Shrimp and Broccoli Fettuccine

Shrimp and Broccoli Fettuccine


Shrimp and Broccoli Fettuccine is a no-brainer win.
  • kosher salt
  • 1 lb. fettuccine
  • Extra-virgin olive oil, for drizzling
  • 1 head broccoli, cut into florets
  • 2 tbsp. butter
  • 2 cloves garlic, minced
  • ¼ c. chicken broth
  • Freshly ground black pepper
  • 1 lb. shrimp, peeled and deveined
  • 2 c. tomato sauce
  • ½ c. heavy cream
  • ¼ c. chopped fresh parsley
  1. Bring an 8-quart stock pot of water to a boil and generously season with salt. Cook pasta according to package directions until al dente. (Stir frequently as fettuccine tends to stick.) If necessary, stir in a drizzle of olive oil. In the last minute of cooking, add broccoli.

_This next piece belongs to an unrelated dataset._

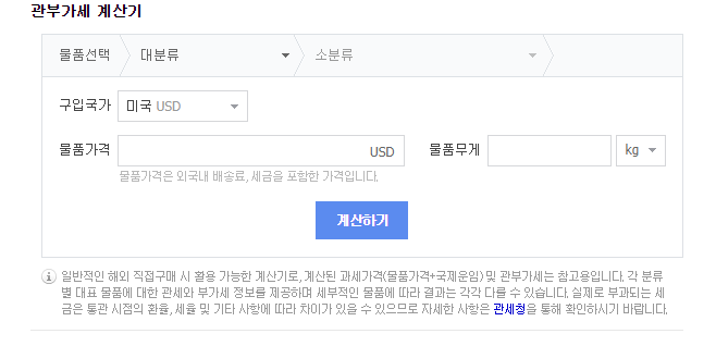 해외에서 물건을 구매 할 때에는 공항에서 수출입 통관센터를 거치게 되는데요. 의류 등 목록통관이 가능 한 물건에 대해서는 구입가 기준 200$까지, 일반 통관 물건에 대해서는 150$까지 관세가 면제되고, 그 이상에 대해서는 관세를 물어야 하므로 반드시 관부가세계산기를 통하여 미리 계산 해 보는 것이 좋습니다. 또 환율이나 운송비 등 여러 가지 조건에 따라 세액이 달라질 수 있으므로 반드시 어느 정도 여유를 두고 자금을 준비 해 두는 것도 필요합니다.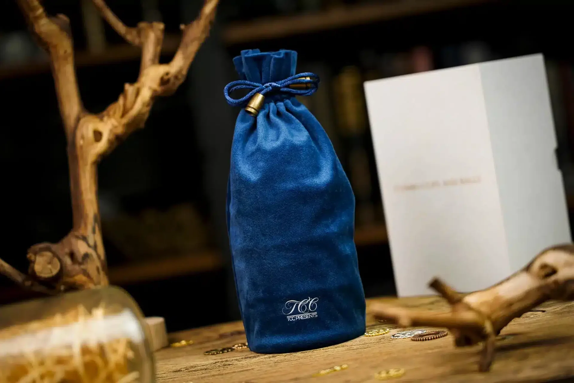 Bolsa de franela : el set viene con una bolsa de franela azul , ideal para llevar el set de cubiletes con estilo y seguridad.

  2. Meanwhile, in a large skillet over medium heat melt butter and sauté with garlic for 2 minutes. Add chicken broth, 1 teaspoon salt, and ½ teaspoon pepper and bring to a simmer; toss in shrimp and sauté until pink, about 3 minutes. Transfer shrimp to a bowl and set aside.
  3. Stir in tomato sauce and heavy cream; simmer on low for 5 minutes. Toss in pasta until well combined; add back shrimp and broccoli. Stir until warmed through. Garnish with parsley and serve immediately.